I'm writing a wrapper for a Korean Morphological Parser that only
works with EUC-KR encoding and has some trouble with longer texts. So,
first, I have to preprocess the input text to divide it into
sentences, remove unicode characters which are not related to Korean
and save them for further reinclusion in the postprocessing stage.
This has worked out wonderfully and, I should say, easier than what
I'd done in Python.
The problem I'm having now is converting the string from UTF-8 (I'm
running Ubuntu with pt_BR.UTF-8 locale) into EUC-KR, run the
Morphological Parser, read its output and process it. I have to parse
a whole bunch of data "spidered" from the internet and it works great
until the encoder comes across a Korean typo... Let's make this point
clearer: the EUC-KR encoding does not cover all the possible
combinations of initial and final consonants + vowels, as does
unicode. Explaining: Unicode has 21708 codepoints for hangul whereas
EUC-KR has only 11172. In fact, most of the extra chars are not used
in day by day life, but still they can be used as abbreviations,
slang, smileys or typos...
In Python, I would simply throw these chars away but I really didn't
manage to understand the "Ruby encoding way"... I know I'm missing
something, but I can't seem to find enough info around... Google
doesn't seem to know much of this either... So, I'm coming here to ask
for your enlightenment, dear rubyist friends!

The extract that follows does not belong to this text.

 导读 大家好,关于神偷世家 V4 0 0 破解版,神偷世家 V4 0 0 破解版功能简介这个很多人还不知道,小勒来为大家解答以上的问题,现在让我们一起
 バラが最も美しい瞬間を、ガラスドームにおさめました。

The part of my code which deals with this is as follows:
def run(txt)
txt = txt.encode("EUC-KR")
kts_file = Tempfile::new('kts_text')
kts_file = open(kts_file.path, "w:EUC-KR")
kts_file << "#{txt}\n"
kts_file.close
cmd = "ktspell < #{kts_file.path}" # 2> /dev/null"

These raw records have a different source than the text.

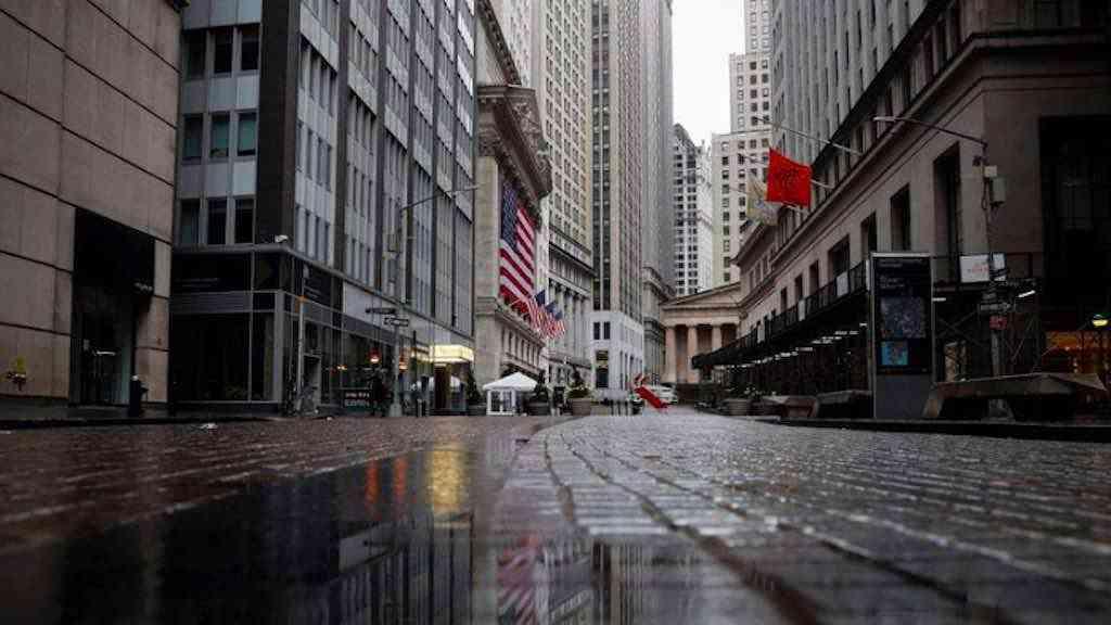 Prédio da Bolsa de Nova York em uma rua Broad quase deserta
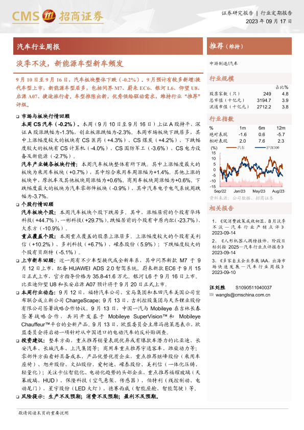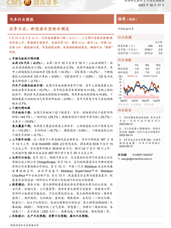 【海通证券】【20230917】20230917-招商证券-汽车行业周报:淡季不淡,新能源车型新车频发-6页
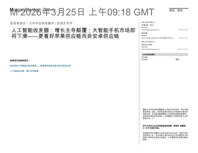 【Morgan Stanley】【202603】人工智能收发器 增长主导颠覆 大智能手机市场即将下滑——更看好苹果供应链而非安卓供应链-53页
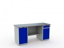 Верстак окрашен порошковой краской, цвет покрытия корпуса серый шагрень (RAL 7038), цвет лицевой панели ящика, дверцы тумбы - синий (RAL 5002).

IO:open(cmd, "r:EUC-KR").read.encode("UTF-8")
end
I found something about "ignoring" the non-existent codepoints, but it
doesn't work... I'm even thinking that my Ruby installation might have
gotten corrupted somehow... Everytime I think I did it right, I still
get The Exception popping up on the screen...
Thanks for your patience reading this looong post.
Juliano
I've just started learning Ruby from Python and recently posted a
question here that was promptly and effectively answered (thanks,
Glenn!), so I decided to come here once more. I hope I'll be able to
be answering some of the questions on my own soon.
Here it is.
I'm writing a wrapper for a Korean Morphological Parser that only
works with EUC-KR encoding and has some trouble with longer texts. So,
first, I have to preprocess the input text to divide it into
sentences, remove unicode characters which are not related to Korean
and save them for further reinclusion in the postprocessing stage.
This has worked out wonderfully and, I should say, easier than what
I'd done in Python.
The problem I'm having now is converting the string from UTF-8 (I'm
running Ubuntu with pt_BR.UTF-8 locale) into EUC-KR, run the
Morphological Parser, read its output and process it. I have to parse
a whole bunch of data "spidered" from the internet and it works great
until the encoder comes across a Korean typo... Let's make this point
clearer: the EUC-KR encoding does not cover all the possible
combinations of initial and final consonants + vowels, as does
unicode. Explaining: Unicode has 21708 codepoints for hangul whereas
EUC-KR has only 11172. In fact, most of the extra chars are not used
in day by day life, but still they can be used as abbreviations,
slang, smileys or typos...
In Python, I would simply throw these chars away but I really didn't
manage to understand the "Ruby encoding way"... I know I'm missing
something, but I can't seem to find enough info around... Google
doesn't seem to know much of this either... So, I'm coming here to ask
for your enlightenment, dear rubyist friends!
The part of my code which deals with this is as follows:
def run(txt)
txt = txt.encode("EUC-KR")
kts_file = Tempfile::new('kts_text')
kts_file = open(kts_file.path, "w:EUC-KR")
kts_file << "#{txt}\n"
kts_file.close
cmd = "ktspell < #{kts_file.path}" # 2> /dev/null"
IO:open(cmd, "r:EUC-KR").read.encode("UTF-8")
end
I found something about "ignoring" the non-existent codepoints, but it
doesn't work... I'm even thinking that my Ruby installation might have
gotten corrupted somehow... Everytime I think I did it right, I still
get The Exception popping up on the screen...
Thanks for your patience reading this looong post.
Juliano